> [EXERCISE]:
Pictures aside, each record should be reproduced exactly.

Records from a data source
Content starts
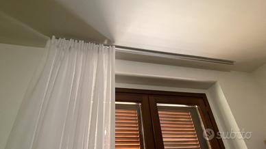 Causa trasloco, vendo tende da soggiorno/camera da letto, color bianco. Quasi nuove, ampie con abbondante arricciatura. Binario in alluminio lungo 2,5 m, altezza 2,70 m.
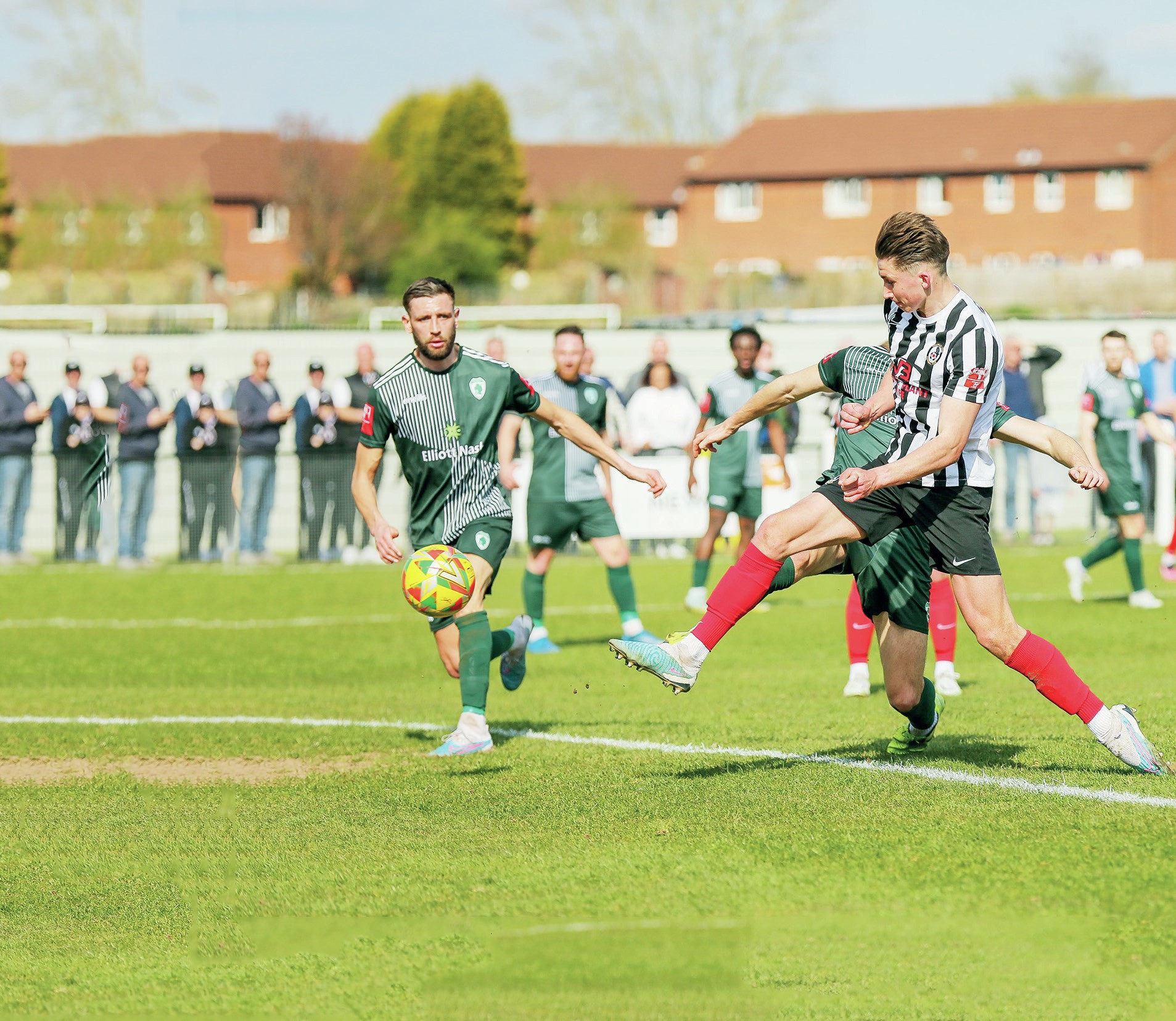 MAX POWER: Coalville’s Max Brogan scores the equaliser and, inset top, Ashley Chambers gets in a shot, while Bromsgrove keeper Ollie Taylor claims under pressure, inset bottom
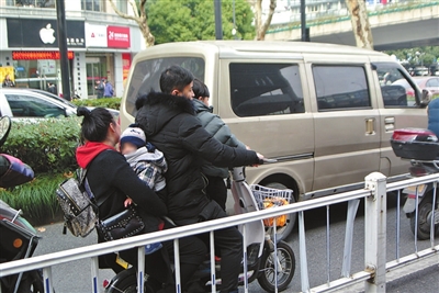 昨天中午时分,在杭州市区江城路上,不少电动自行车贪图快,纷纷骑上了机动车道,其中一辆电动自行车居然载客4人!新年伊始,杭州接连发生工程车与电动自行车相撞的锥心惨剧,令人心痛不已。我们在呼吁有关部门依法加大对违法司机惩处力度的同时,也应该警示电动自行车主,切切实实地自觉遵守交通法规,守住生命底线,牢记生命没有回程车!记者周金友 摄影报道
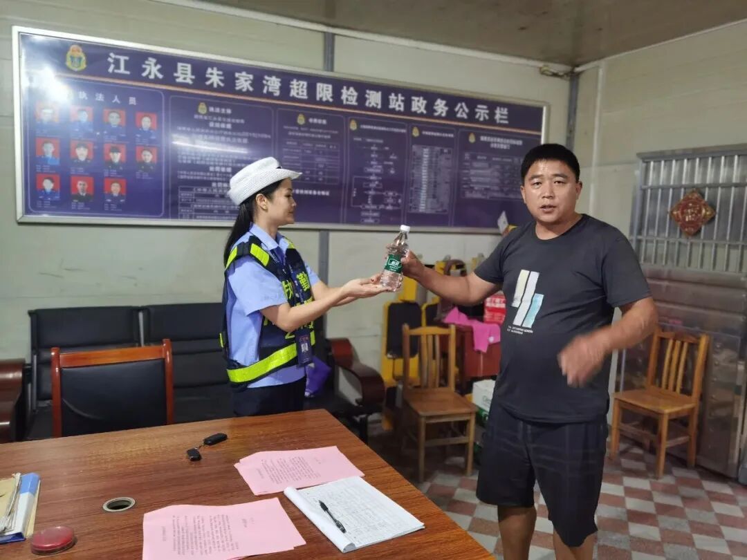 凌晨0时至4时,正是货车司机容易出现疲劳驾驶、违法载人等交通违法行为的高发时段。在辖区内G538线、S348线等货车通行密集的国省道重点路段,治超中队及一中队设立临时检查点,主动为过往的货车司机送上茶水和饮料;并为司机播放交通安全警示教育片,详细讲解疲劳驾驶、超速、超载、不按规定车道行驶等违法行为的危害性,强调夜间行车安全的注意事项。
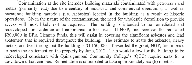 It wasn’t until late October, right before the actual purchase date, that the first phase of an environmental site assessment uncovered what would be expected after a century of industrial and commercial use: asbestos throughout the upper floor tiles of the building, lead paint, and other hazardous metals.
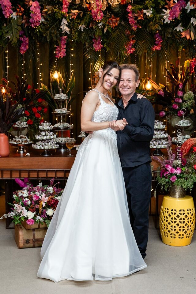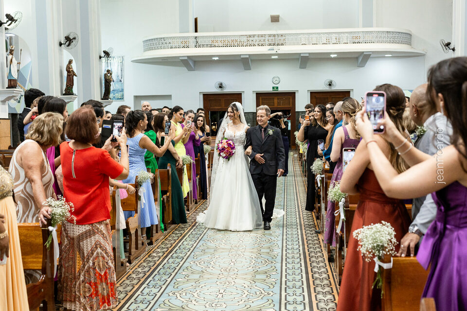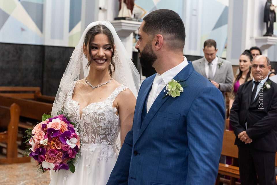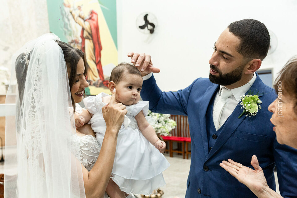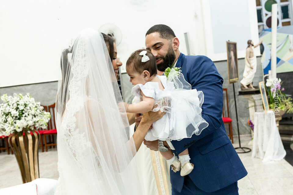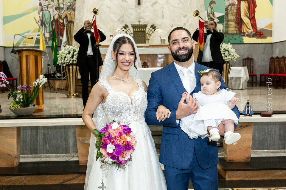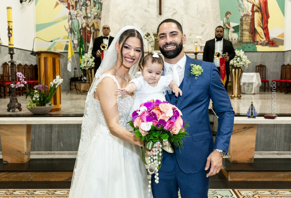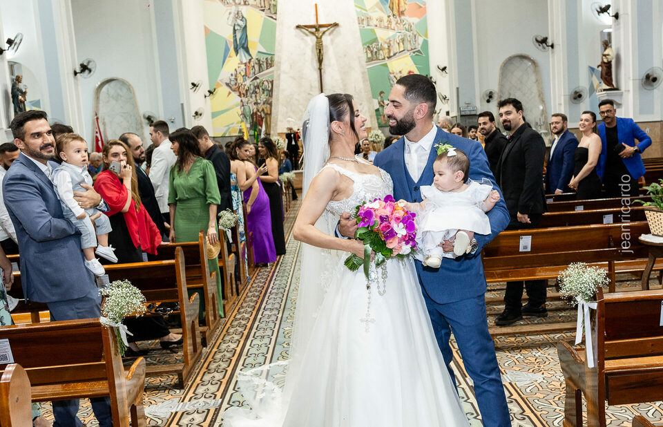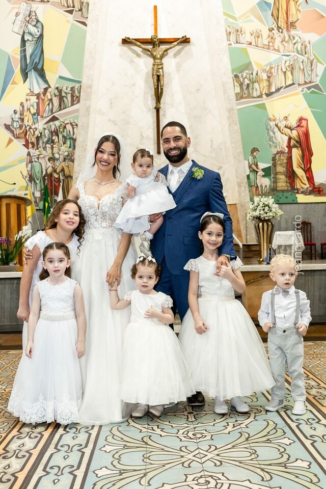 O casamento aconteceu na tradicional Igreja Matriz Santa Rita de Cássia, em Fernandópolis, e reuniu tudo o que torna esse momento único: emoção verdadeira, olhares sinceros, amigos e familiares cheios de afeto, e a presença especial da filhinha do casal, que entrou como daminha em um carrinho e tocou o coração de todos.
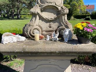 Ich bitte daher, die Besitzer, diese Gegenstände abzuräumen und auch in Zukunft keine Gegenstände mehr auf dem Podest und vor dem Kreuz abzustellen.
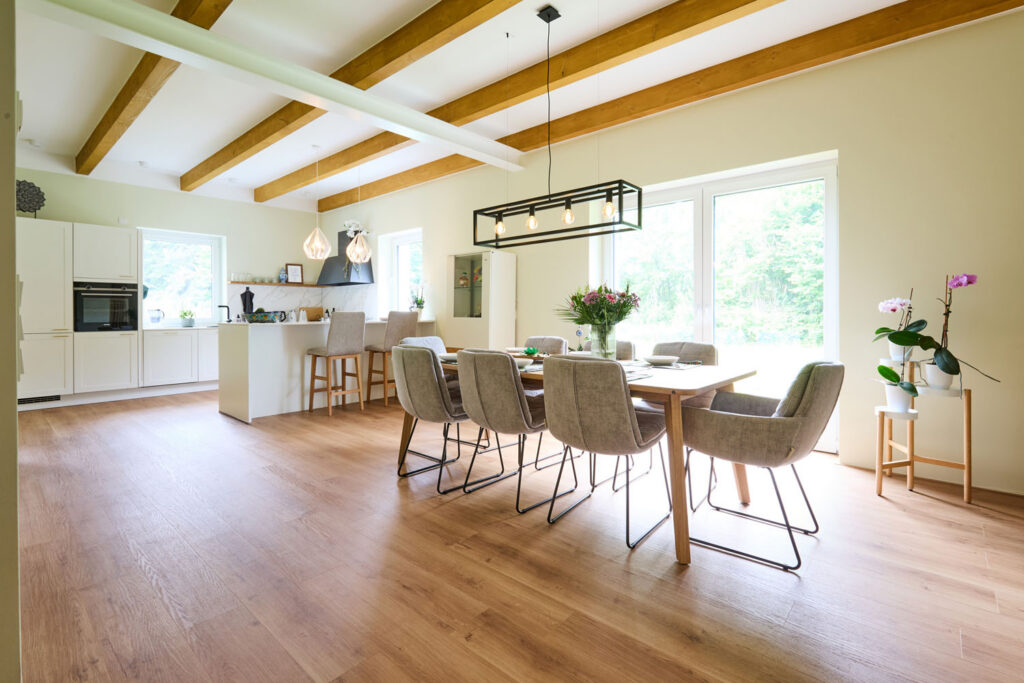 Geschichte und Modernität, jung und alt, mexikanisch und deutsch – der Kotten ist in Sebastians und Yamels Leben ein wichtiges Verbindungselement. Offenheit und Begegnung prägen das Konzept der Raumaufteilung und Inneneinrichtung. Besonders deutlich zeigt sich das im großzügigen Wohn-Essbereich. Dieser bildet mit seiner offenen Küche und der langen Tafel den zentralen Treffpunkt des Hauses. „Hier wird gemeinsam gekocht, gespielt und geredet“, sagt Sebastian. „Wir sitzen dort oft stundenlang mit unserem Besuch.
Content ends
> [EXERCISE OUTPUT]:
 Causa trasloco, vendo tende da soggiorno/camera da letto, color bianco. Quasi nuove, ampie con abbondante arricciatura. Binario in alluminio lungo 2,5 m, altezza 2,70 m.
 MAX POWER: Coalville’s Max Brogan scores the equaliser and, inset top, Ashley Chambers gets in a shot, while Bromsgrove keeper Ollie Taylor claims under pressure, inset bottom
 昨天中午时分,在杭州市区江城路上,不少电动自行车贪图快,纷纷骑上了机动车道,其中一辆电动自行车居然载客4人!新年伊始,杭州接连发生工程车与电动自行车相撞的锥心惨剧,令人心痛不已。我们在呼吁有关部门依法加大对违法司机惩处力度的同时,也应该警示电动自行车主,切切实实地自觉遵守交通法规,守住生命底线,牢记生命没有回程车!记者周金友 摄影报道
 凌晨0时至4时,正是货车司机容易出现疲劳驾驶、违法载人等交通违法行为的高发时段。在辖区内G538线、S348线等货车通行密集的国省道重点路段,治超中队及一中队设立临时检查点,主动为过往的货车司机送上茶水和饮料;并为司机播放交通安全警示教育片,详细讲解疲劳驾驶、超速、超载、不按规定车道行驶等违法行为的危害性,强调夜间行车安全的注意事项。
 It wasn’t until late October, right before the actual purchase date, that the first phase of an environmental site assessment uncovered what would be expected after a century of industrial and commercial use: asbestos throughout the upper floor tiles of the building, lead paint, and other hazardous metals.
 O casamento aconteceu na tradicional Igreja Matriz Santa Rita de Cássia, em Fernandópolis, e reuniu tudo o que torna esse momento único: emoção verdadeira, olhares sinceros, amigos e familiares cheios de afeto, e a presença especial da filhinha do casal, que entrou como daminha em um carrinho e tocou o coração de todos.
 Ich bitte daher, die Besitzer, diese Gegenstände abzuräumen und auch in Zukunft keine Gegenstände mehr auf dem Podest und vor dem Kreuz abzustellen.
 Geschichte und Modernität, jung und alt, mexikanisch und deutsch – der Kotten ist in Sebastians und Yamels Leben ein wichtiges Verbindungselement. Offenheit und Begegnung prägen das Konzept der Raumaufteilung und Inneneinrichtung. Besonders deutlich zeigt sich das im großzügigen Wohn-Essbereich. Dieser bildet mit seiner offenen Küche und der langen Tafel den zentralen Treffpunkt des Hauses. „Hier wird gemeinsam gekocht, gespielt und geredet“, sagt Sebastian. „Wir sitzen dort oft stundenlang mit unserem Besuch.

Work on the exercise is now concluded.